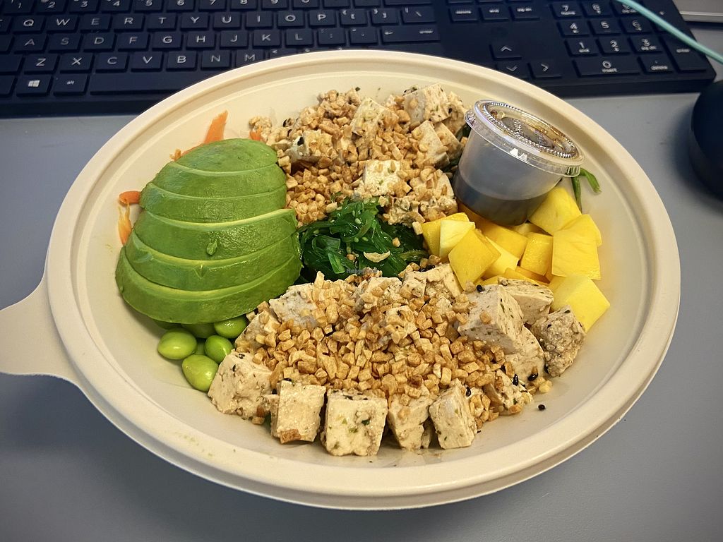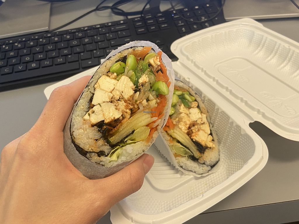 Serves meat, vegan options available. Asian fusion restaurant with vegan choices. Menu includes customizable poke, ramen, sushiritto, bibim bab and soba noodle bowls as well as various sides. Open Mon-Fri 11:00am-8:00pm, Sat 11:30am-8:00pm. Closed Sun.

--

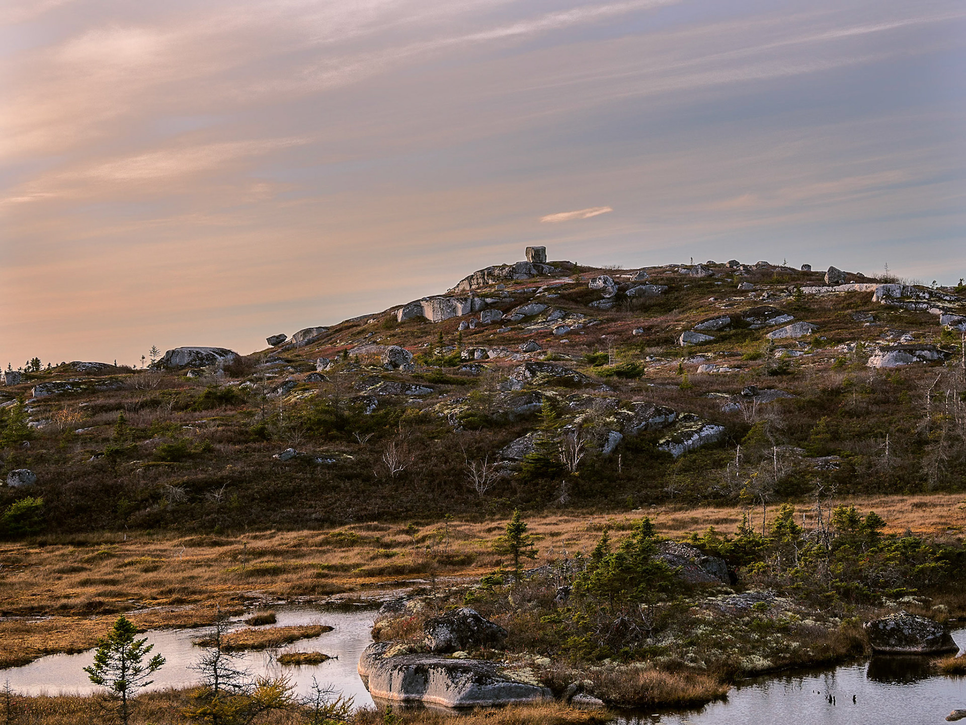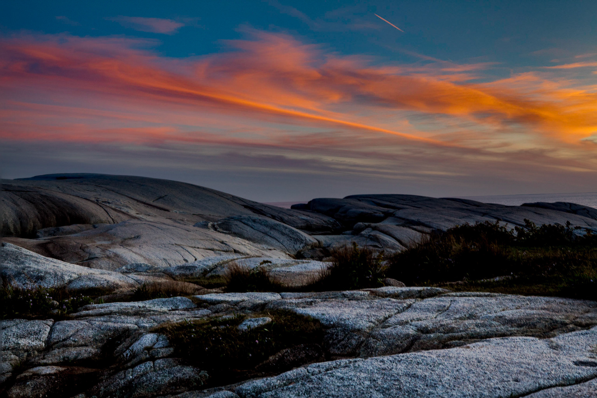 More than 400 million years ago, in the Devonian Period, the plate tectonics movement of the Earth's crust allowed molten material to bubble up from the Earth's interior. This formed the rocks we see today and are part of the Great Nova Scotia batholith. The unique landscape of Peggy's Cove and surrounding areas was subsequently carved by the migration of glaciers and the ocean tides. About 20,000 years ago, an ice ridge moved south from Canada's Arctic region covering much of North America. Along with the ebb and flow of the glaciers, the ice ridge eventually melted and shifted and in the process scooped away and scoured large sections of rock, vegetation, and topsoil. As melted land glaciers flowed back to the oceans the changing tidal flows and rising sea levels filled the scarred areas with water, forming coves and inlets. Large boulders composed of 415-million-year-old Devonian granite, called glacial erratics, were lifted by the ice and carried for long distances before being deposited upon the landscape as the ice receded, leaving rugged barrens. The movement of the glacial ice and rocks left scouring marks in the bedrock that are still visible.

* * *

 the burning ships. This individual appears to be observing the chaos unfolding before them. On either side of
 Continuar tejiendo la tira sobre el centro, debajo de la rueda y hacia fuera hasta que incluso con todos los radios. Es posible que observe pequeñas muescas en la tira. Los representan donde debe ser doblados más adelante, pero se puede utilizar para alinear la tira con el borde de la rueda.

> **THE TASK**
Would you please copy, word for word, everything above from the line containing "the burning ships." down to the line containing "Continuar tejiendo la", those two lines included?

> **ANSWER SECTION**
 the burning ships. This individual appears to be observing the chaos unfolding before them. On either side of
 Continuar tejiendo la tira sobre el centro, debajo de la rueda y hacia fuera hasta que incluso con todos los radios. Es posible que observe pequeñas muescas en la tira. Los representan donde debe ser doblados más adelante, pero se puede utilizar para alinear la tira con el borde de la rueda.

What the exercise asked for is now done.